1. Quick Examples of Getting Number of Rows & Columns
Following are quick examples of getting the number of rows & columns.
# Get row count
rows = empDF.count()
print(f"DataFrame Rows count : {rows}")
# Get columns count
cols = len(empDF.columns)
print(f"DataFrame Columns count : {cols}")
# Using functions.count()
from pyspark.sql.functions import count
empDF.select(count(empDF.name)).show()
empDF.select(count(empDF.name), count(empDF.gender)).show()
# Using agg
empDF.agg({'name':'count','gender':'count'}).show()
# Using groupBy().count()
empDF.groupBy("dept_id").count().show()
# PySpark SQL Count
empDF.createOrReplaceTempView("EMP")
spark.sql("SELECT COUNT(*) FROM EMP").show()

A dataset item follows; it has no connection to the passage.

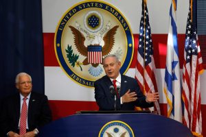 Israels Regierungschef Benjamin Netanjahu bezeichnete die Eröffnung der US-Botschaft in Jerusalem als „glorreichen Tag“. Israel habe „keine besseren Freunde auf der Welt“ als die USA. „Danke, Präsident Trump, dass Sie den Mut hatten, ihre Versprechungen einzuhalten!“ Es sei auch „ein großer Tag für den Frieden“, sagte Netanjahu. „Ein Frieden, der auf Lügen basiert, kann nur an den Felsen der nahöstlichen Realität zerschellen. Und die Wahrheit ist, dass Jerusalem immer die Hauptstadt des jüdischen Volkes bleiben wird.“
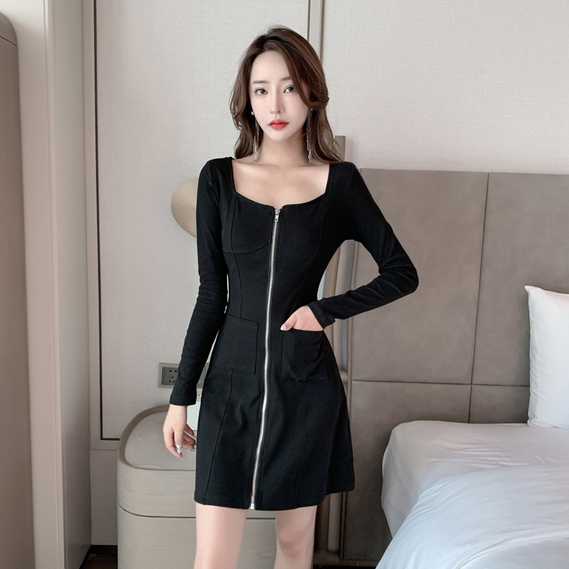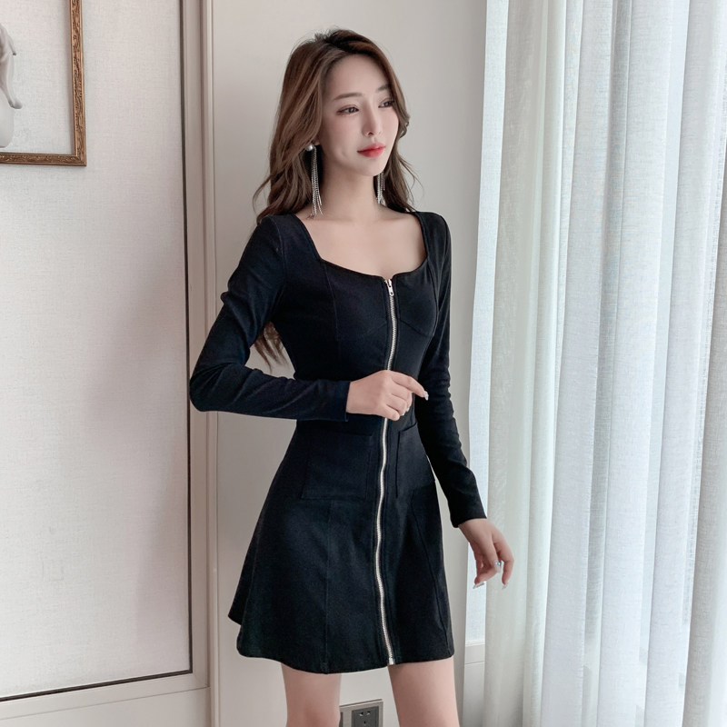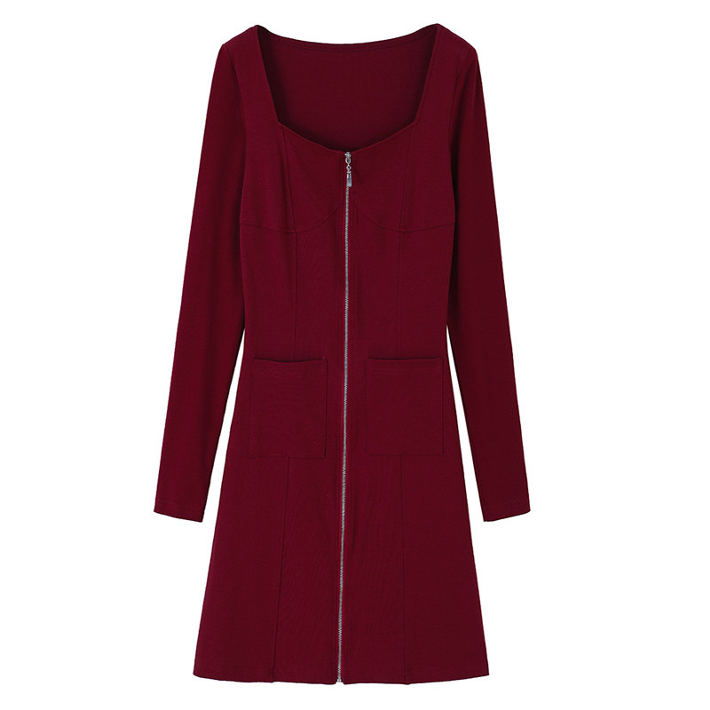 方领连衣裙性感女装2025新款春装小个子低胸修身显瘦长袖A字裙子

spark.sql("SELECT COUNT(distinct dept_id) FROM EMP").show()
spark.sql("SELECT DEPT_ID,COUNT(*) FROM EMP GROUP BY DEPT_ID").show()
Let’s create a PySpark DataFrame from List.
# Create SparkSession
spark = SparkSession.builder \
.appName('SparkByExamples.com') \
.getOrCreate()
# EMP DataFrame
empData = [(1,"Smith",10,None,3000),
(2,"Rose",20,"M",4000),
(3,"Williams",10,"M",1000),
(4,"Jones",10,"F",2000),
(5,"Brown",30,"",-1),
(6,"Brown",30,"",-1)
]
empColumns = ["emp_id","name","dept_id",
"gender","salary"]
empDF = spark.createDataFrame(empData,empColumns)
empDF.show()
Yields below output.
2. PySpark Get Row Count Using count() method
To get the number of rows from the PySpark DataFrame use the count() function. This function returns the total number of rows from the DataFrame. By calling this function it triggers all transformations on this DataFrame to execute.
# Get row count
rows = empDF.count()
print(f"DataFrame Rows count : {rows}")
3. Get Distinct Number of Rows
In PySpark, you can get a distinct number of rows and columns from a DataFrame using a combination of distinct() and count() methods provided by the PySpark DataFrame API.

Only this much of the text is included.